Closed Neato-Nick closed 3 years ago
Could you provide a test case (gff + fasta)?
Sure, attached is a gff with the first 81 genes + corresponding sequence of the genome fasta (soft-masked, hopefully that doesn't matter?)
I don't see any premature stop codon in that test. How did you translate the sequences to make your check?
You can easily check the translation using AGAT:
agat_sp_extract_sequences.pl --gff PHRA15019.head_n773.gff.txt --fasta PHRA15019.head_n773.reformat.fasta.txt -p -o proteins.fa
Ah, maybe it's a translation problem then? Here was my command, I love AGAT and it's what I used :)

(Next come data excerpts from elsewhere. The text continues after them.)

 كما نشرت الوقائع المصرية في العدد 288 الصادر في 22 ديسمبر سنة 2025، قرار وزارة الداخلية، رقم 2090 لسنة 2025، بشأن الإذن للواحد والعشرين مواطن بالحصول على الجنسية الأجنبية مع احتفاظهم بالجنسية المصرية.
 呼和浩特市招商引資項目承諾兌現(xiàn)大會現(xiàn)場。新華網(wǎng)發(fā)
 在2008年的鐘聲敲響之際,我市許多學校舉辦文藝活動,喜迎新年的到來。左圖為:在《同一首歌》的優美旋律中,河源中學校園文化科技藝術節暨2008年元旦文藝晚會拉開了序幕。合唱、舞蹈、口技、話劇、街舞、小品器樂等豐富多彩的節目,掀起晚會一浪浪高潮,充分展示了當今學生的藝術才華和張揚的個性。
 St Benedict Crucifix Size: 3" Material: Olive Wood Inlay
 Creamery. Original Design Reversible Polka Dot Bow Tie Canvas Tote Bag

agat_sp_extract_sequences.pl -t mrna --protein --cfs -g PHRA15019.head_n773.gff.txt -f PHRA15019.head_n773.reformat.fasta.txt --output proteins.fa
mRNA is a biological concept (it is the mature RNA where the introns have been removed). AGAT looks only what is described in the file. With -t mrna
you say to AGAT to extract the feature type (e.i the line) with "mRNA" in the 3rd column. So it extracts all the sequence from start to the end, it does not devoid introns, it does focus only on the mRNA line (start - end location). So the sequence contains also intron, it is why when you translate it, all the ORFs are broken (except for single exon genes). I will update the help to make it clearer
Oh, so it extracts the features labeled as "mrna" but it doesn't actually extract the mRNAs. To actually extract the mRNAs, I want the translated CDS spliced for each gene?

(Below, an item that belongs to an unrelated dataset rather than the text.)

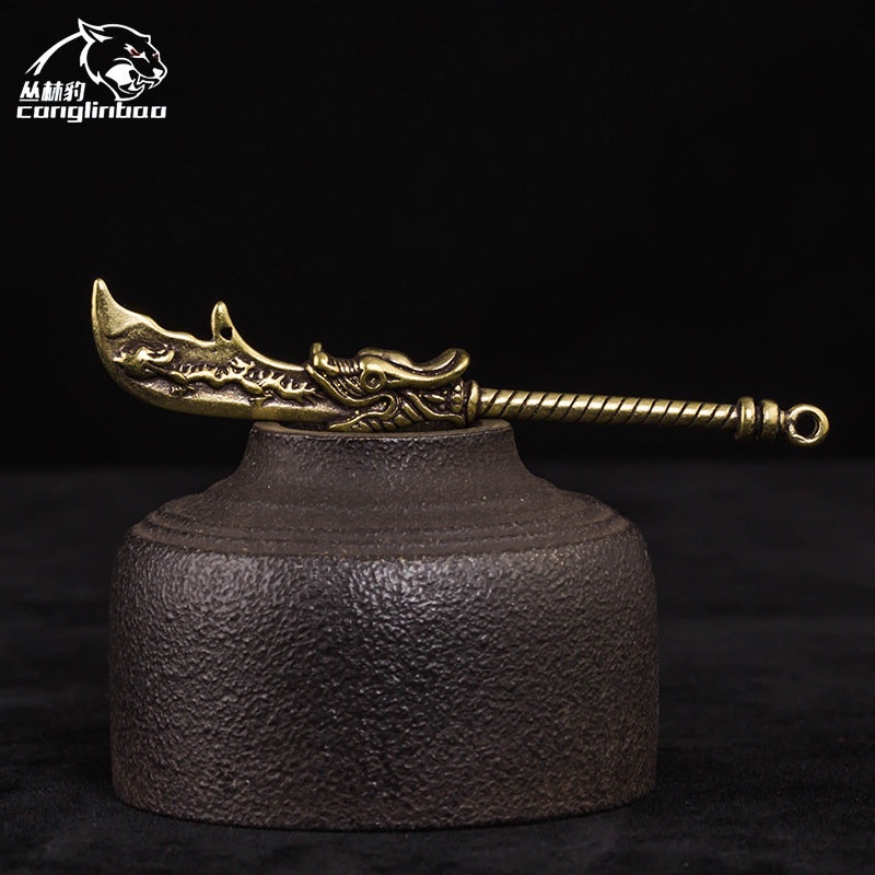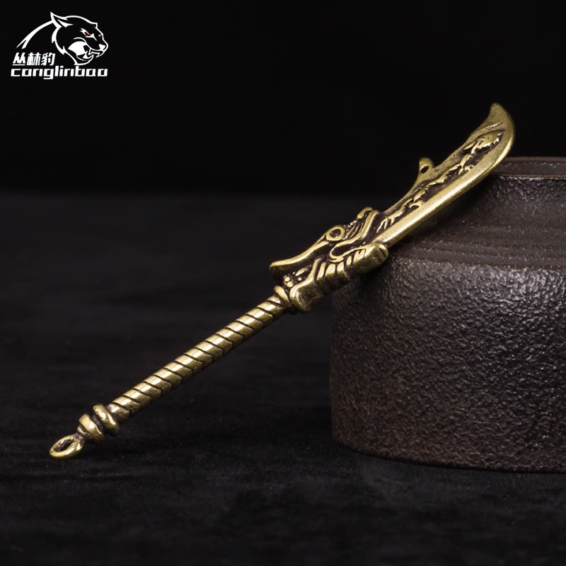 Duke guan long dao guan yu dragon crescent moon blade weapons retro brass key chain pendant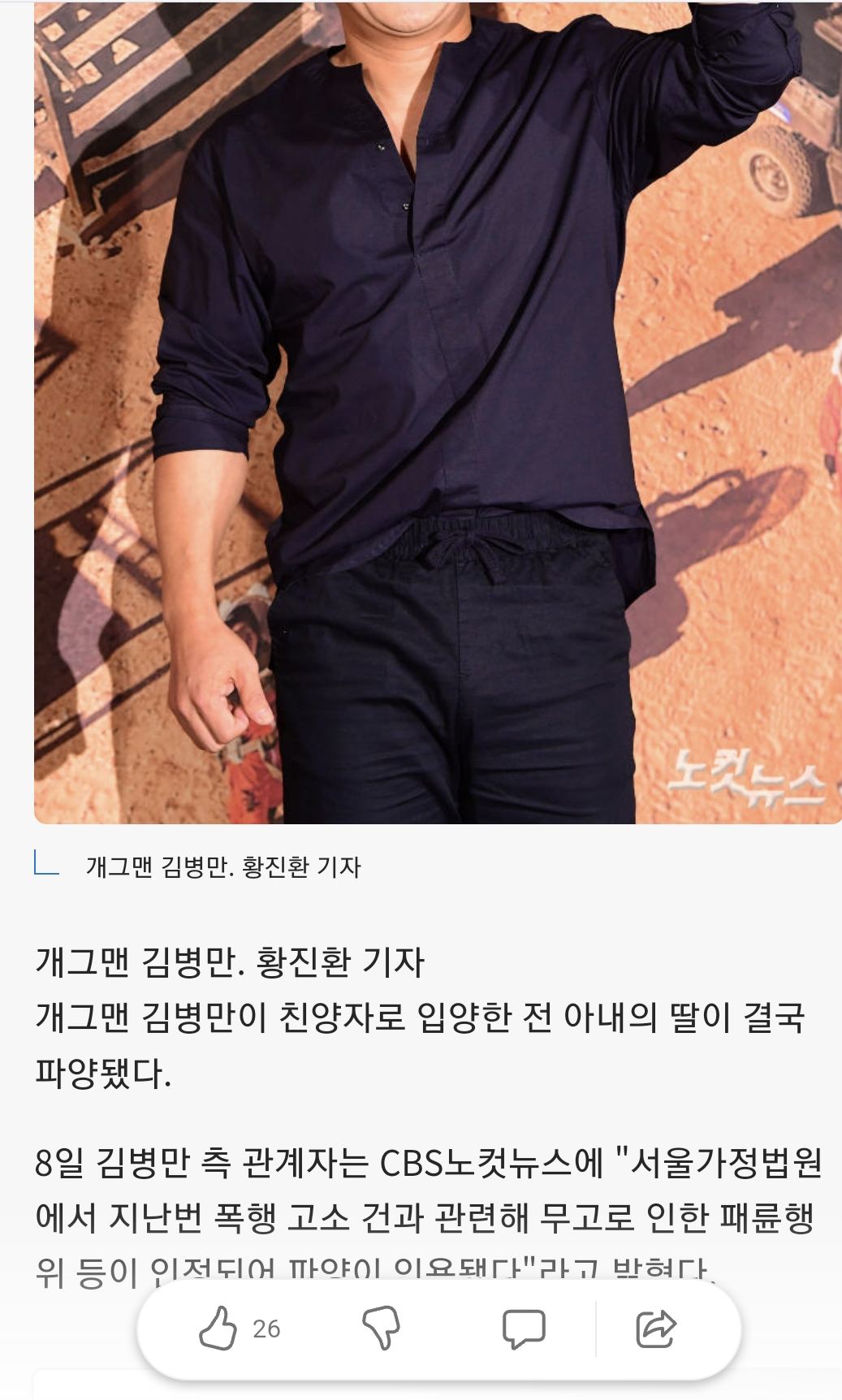 김병만 전처 딸 결국 파양…"폭행 무고로 패륜행위 인정" News2025. 8. 9. 00:02

I wish I had realized this earlier in my workflow but I feel eased that my annotation didn't yield loads of pseudogenes like I was concerned about
On Tue, Oct 20, 2020, 3:56 AM Jacques Dainat notifications@github.com wrote:
mRNA is a biological concept (it is the mature RNA where the introns have been removed). AGAT looks only what is described in the file. With -t mrna you say to AGAT to extract the feature type (e.i the line) with "mRNA" in the 3rd column. So it extracts all the sequence from start to the end, it does not devoid introns, it does focus only on the mRNA line (start - end location). So the sequence contains also intron, it is why when you translate it, all the ORFs are broken (except for single exon genes). I will update the help to make it clearer
— You are receiving this because you authored the thread. Reply to this email directly, view it on GitHub https://github.com/NBISweden/AGAT/issues/80#issuecomment-712767723, or unsubscribe https://github.com/notifications/unsubscribe-auth/ABMUDUV5NYS3SQINVEMZ4I3SLVUE7ANCNFSM4SNT6UQQ .
Thanks, I did fresh pull and have tried again. I have another question, when helping me you executed as
agat_sp_extract_sequences.pl --gff PHRA15019.head_n773.gff.txt --fasta PHRA15019.head_n773.reformat.fasta.txt -p -o proteins.fa
This relies on the default for -t
, which is 'cds'. In the documentation for this function, --full
states
"To actually extract an mRNA as it is defined biologicaly you need to use the -t exon
option wihtout the --full option and wihtout the --split option". This advice is repeated under -t
explanation, to use -t exon
to extract mRNA as defined biologically. So, should the command really be
agat_sp_extract_sequences.pl --gff PHRA15019.head_n773.gff.txt --fasta PHRA15019.head_n773.reformat.fasta.txt -p -o proteins.fa -t exon
?
Edit: Just saw your usage examples in the help text for _extract_sequences.pl. Very helpful, thanks!
Yes if you wish to extract the mRNA, but do not forget that mRNA contains UTRs, so translating this sequence does not make any sense.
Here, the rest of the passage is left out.